If you install 6 systems -- enough for 6 zones -- you are likely to have several times the needed capacity to meet your heating load and cooling load.
In any case, step 1 is to do the load calculations and share a floor plan. And if you would like GBA readers to provide useful advice, tell us your location or climate zone.
+1 on running the heating & cooling load numbers before deciding on how many zones and what type of solution. But with 6000 square feet of space having six zone's may not be insane. Half ton mini-duct cassettes designed for use exist, and with a 6 zone multi-split it might in work OK if the refrigerant line run lengths aren't too long, but without the load numbers it's hard to say what actually makes sense. (I've seen situations where a pair of 2-ton 3 head multi-splits worked out OK.)

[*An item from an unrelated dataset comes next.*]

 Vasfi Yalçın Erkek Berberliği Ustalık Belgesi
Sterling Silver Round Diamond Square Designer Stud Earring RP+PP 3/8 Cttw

What are your 1% and 99% outside design temps? Climate zone= ?
Insulation and air sealing alone is usually enough to prevent pipes from freezing in zones 6 & lower. The fact that it's a concern at all suggests you're in zone 5 or higher.
Dear Martin, David
The house is in zone 5 (Cambridge, MA).
Heat and cool loads will indeed be calculated but zoning is a function of size and my desire for flexibility rather than tonnage.
I currently run a halcyon with 4 heads and my thinking for the new house is to have two or 3 condensers running multiple heads each (load calc will determine). The house is 6k above grade andso will be 8.5k total sqft (big old Victorian)

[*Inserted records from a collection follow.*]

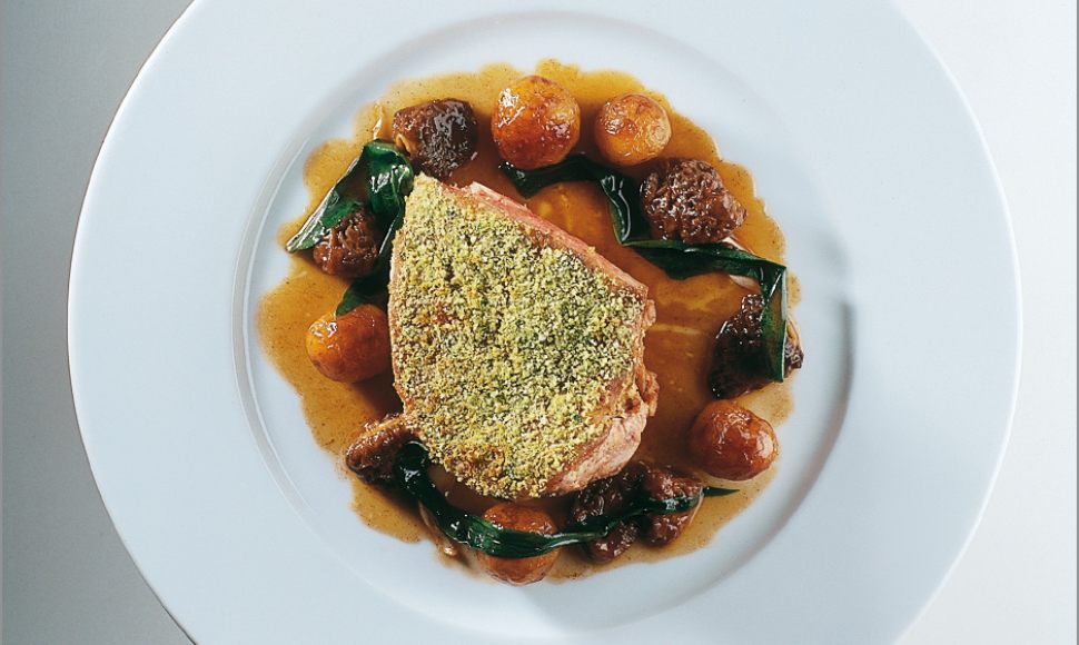Quartiers de chevreau persillés au goût aillé, pommes nouvelles et morilles
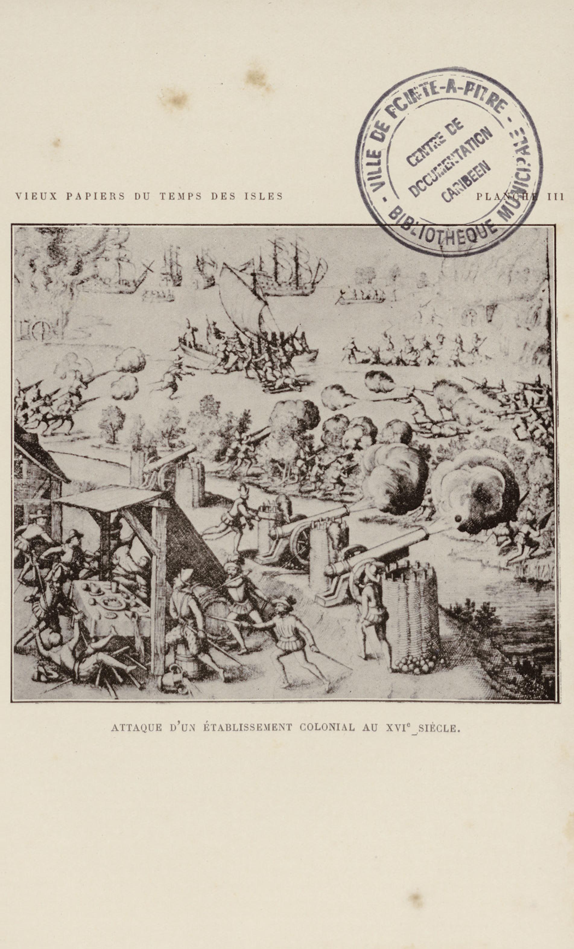 Attaque d'un établissement colonial au XVIe siècle |
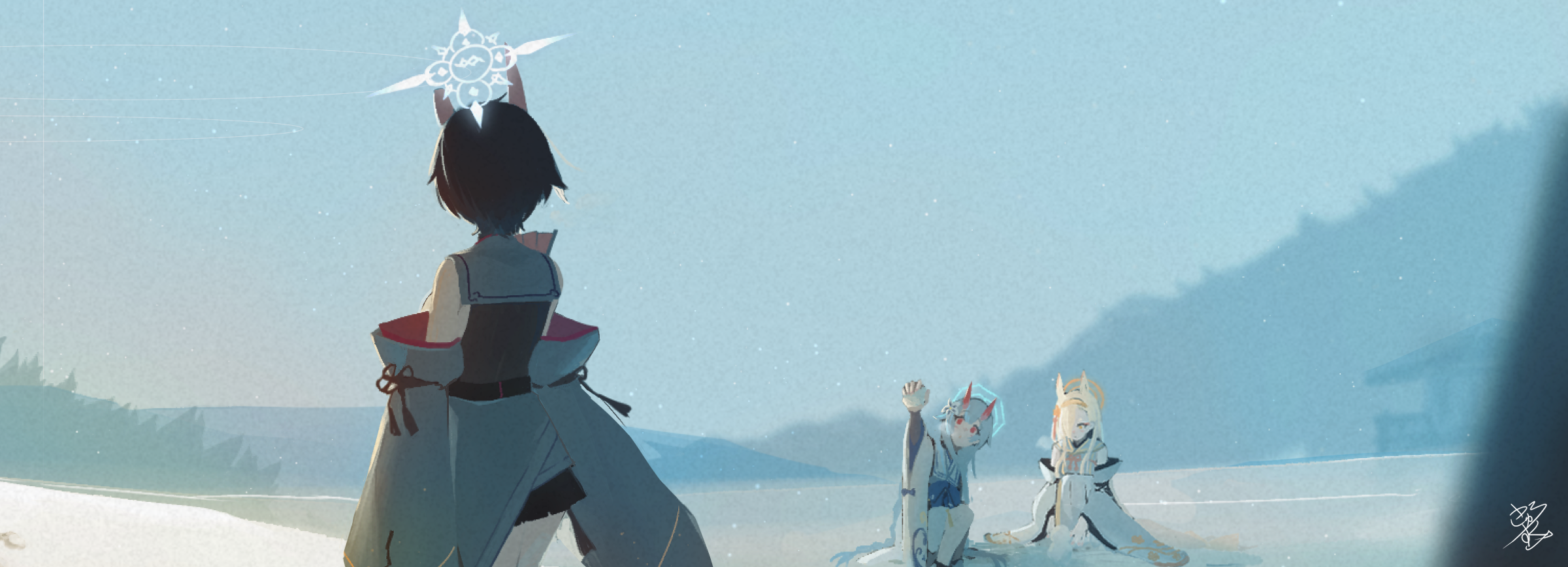 3girlsarm upblack hairblack skirtblonde hairblue halodetached sleevesfacing awayfrom behindhaloholdingholding snowballhornsjapanese clotheskimonolooking at anotherminiskirtmultiple girlsred eyesshort hairsignatureskirtsleevelesssleeveless kimonosnowballwhite halowhite kimonowide sleeveswinteryellow eyesyellow halo
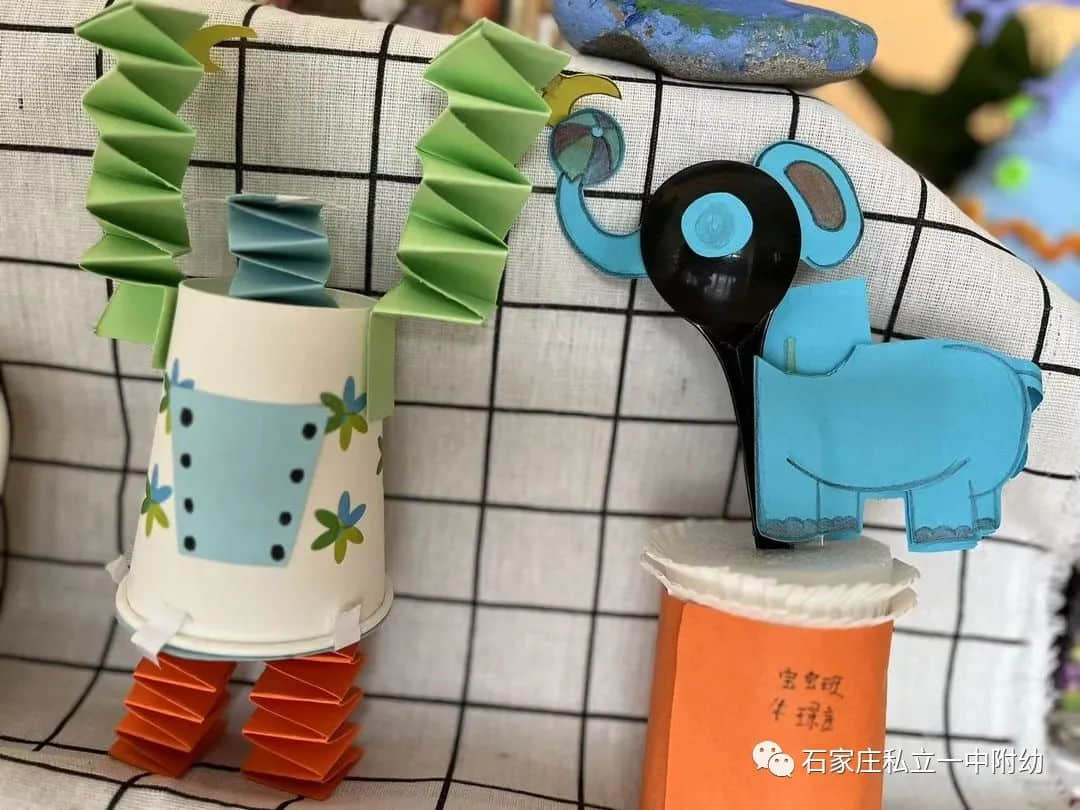 餐具除了能装美食,还能变身可爱的艺术品,小朋友们发挥想象,做出了不同创意的作品。
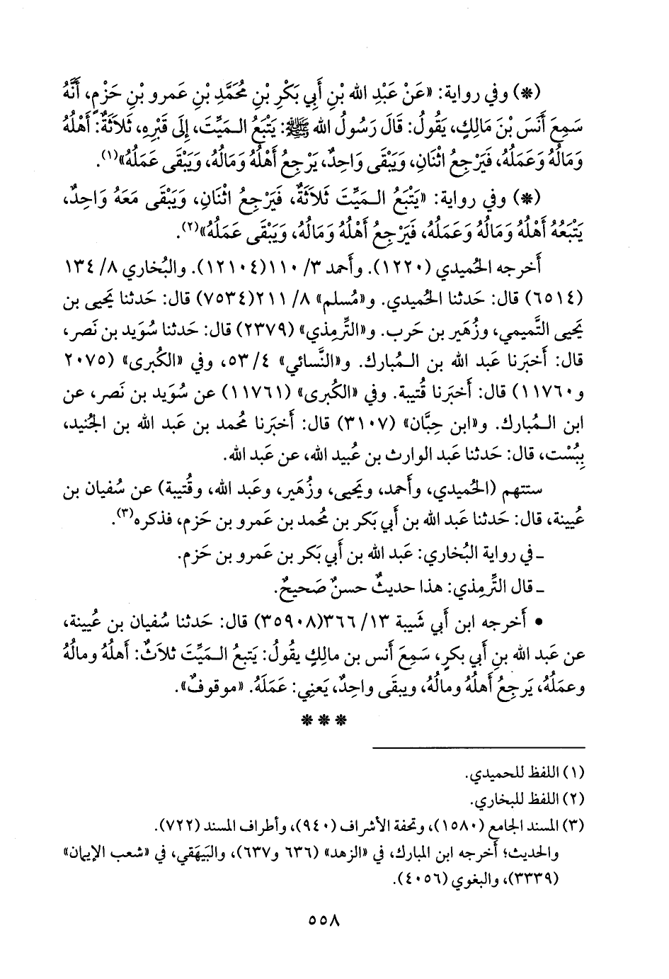 - أخرجه ابن أبي شيبة (٣٥٩٠٨) قال: حدثنا سفيان بن عُيينة، عن عبد الله بن أَبي بكر، سمع أَنس بن مالك يقول: يتبع الميت ثلاث: أهله وماله وعمله، يرجع أهله وماله، ويبقى واحد، يعني: عمله. «موقوف».

Plan is for 4" external foam with pretty good Marvin next gen windows (historic districting)
The ~6000-7000 BTU/hr minimum modulated output of each multi-split compressor becomes an issue when looking at multiples in a high-R house. With three of them you're looking at ~20,000 BTU/hr as the minimum load at which they are still modulating and operating efficiently. A your R-values with better than code windows that could be more than half your design heat load @ ~ +10F, and they might not modulate in heating mode wherever it's above 30F or so, which is your average outdoor temp in January, and well below your average outdoor temp. With multi-split compressors, less/fewer is more.
With 4" of exterior foam and better than code windows, if the house is reasonably air tight and the foundation is insulated you have approximately ZERO freeze-up risk in your location and would not have to actively heat the basement even during Polar Vortex events.
But Dana, what about that movie? New York froze in minutes with the super polar vortex.. ?
;-*
Is that movie playing at the Brattle any time soon? ;-)
Besides, It was New York that froze in the movie. Everyone knows that there is so much hot air in Cambridge that it'll never freeze:-)
Ok. So back to the original question.
What are the whole-house controls like with these systems? Any difference between them in capability?